Jaki z tego morał? Każdy na imprezie biegowej szuka czegoś innego. Kolega – krytyk zwraca uwagę na inne rzeczy, ja na inne. I to dobrze, bo gdyby wszyscy zwracali uwagę na to samo, to jakaś jedna drobna niedoróbka mogła by zepsuć zawody wszystkim uczestnikom.
Myślę, że powinna to być jednak nauczka dla organizatorów – nie wszyscy biegacze będą zadowoleni dlatego, że bieg „miał genialną atmosferę” czy „niepowtarzalny klimat” – chociaż ten miał jedno i drugie. Niektórzy chcą trasy równej jak stół, pakietu startowego bogatego jak arabski szejk (mi wystarcza milk-szejk) a na mecie pieczonego kurczaka, tylko nie w reklamówce z Netto (ej, pisałem o tych reklamówkach rok temu, prawda?). Tą sytuację można ugryźć dwojako – albo za rok powtórzyć dokładnie to samo – zapewne z sukcesem, bo impreza jest świetna albo wyciągnąć jakieś wnioski i podczas jubileuszowej, spróbować wszystkich czymś zaskoczyć.
Jak będzie? Czy przez nadchodzące 363 dni zdążę wyszlifować kondycję? Co zobaczymy na 40 odsłonie szczecińskiego półmaratonu? Tego wszyscy dowiemy się dopiero za rok. a w tym roku – FAJNIE BYŁO :)
Ps: Na biegu zrobiono zapewne kilkaset tysięcy zdjęć, jeśli chcielibyście zobaczyć wszystkie, musicie wystąpić do National Security Agency (NSA), oni pewnie widzą nawet te, które są na prywatnych telefonach.

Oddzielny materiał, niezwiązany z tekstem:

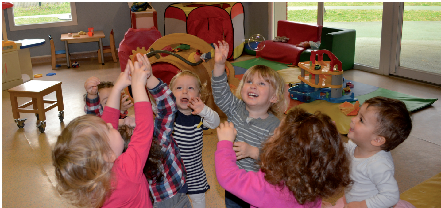
Entre 70 et 80 enfants passent par le Manège enchanté chaque année.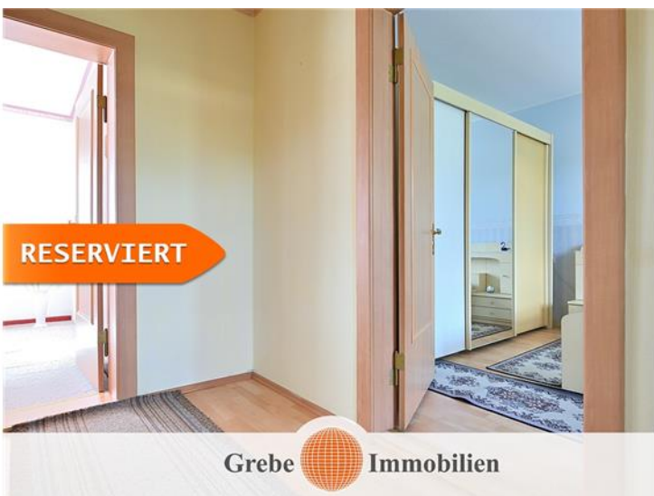
Flur im OG Bild 2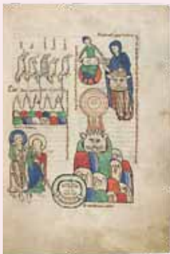
Miniatur aus dem Rupertsberger Codex des Liber Scivias

DIENSTAG, 29. NOVEMBER 2011 , 19 UHR, DOM ST. BARTHOLOMÄUS, DOMPLATZ 14

Jeśli nie macie ochoty kontaktować się z amerykańską agencją rządową, to sprawdźcie galerie, które dostępne są na Facebooku.- Po pierwsze – jeśli jeszcze tego nie zrobiliście – zapiszcie sie do grupy FotoInfo Biegowe. Same zdjęcia z biegów w naszym regionie, bez zbędnego marudzenia. Wchodzisz, oglądasz, lajkujesz. Proste.
- trochę zdjęć z biura zawodów
- zdjęcia z Biegu Pirata Golden Tulip. Matko, mam nadzieję, że żadne dzieci nie czytają tego bloga musiałbym wszystko cenzurować. Album 1, Album 2 i Album 3
- Foto Maraton – gdzie możecie wyszukać siebie i innych po numerze startowym. W Szczecinie zdjęcia są bezpłatne, nieźle organizatorzy to wykombinowali, co nie ?
- Dajcie odpocząć oczom od tych wszystkich barwnych strojów i przejrzyjcie czarno – białe zdjęcia z tego albumu od dulny foto.
- I jeszcze jedna galeria tego samego autora;
- Zdjęcia z trasy od PolPAR – część 1 i część 2;
- Migawki od Piotra Krawczuka, KLIK;szczególnie podoba mi się TO, ma gangsterski sznyt;
- OkoB – nazwa oryginalna to i zdjęcia fajne;
- Sprawdźcie też relację vlogową od Łukasza i zostawcie łapkę w górę i suba zio zio ziomeczki (kto ogląda filmy na youtube ten wie o co chodzi:))
- Sporo zdjęć jest też w relacji Radia Szczecin
- Nawet nie wiedziałem, że istnieje taka strona jak Szczecin Life, a tu proszę, istnieje i piszą tam o półmaratonie
Tym razem nie dotarłeś do „wieczornego” punktu nawadniania na Pogodnie i nie mogłam podać Ci wody :(
Dobrze jednak, że realnie oceniłeś swoje możliwości.
Za rok pobiegnę 21 i się spotkamy :)
No w końcu! Obiecałeś! Napisałeś. Nic dodać nic ująć, wrażenia miałem te same. Pozdrawiam.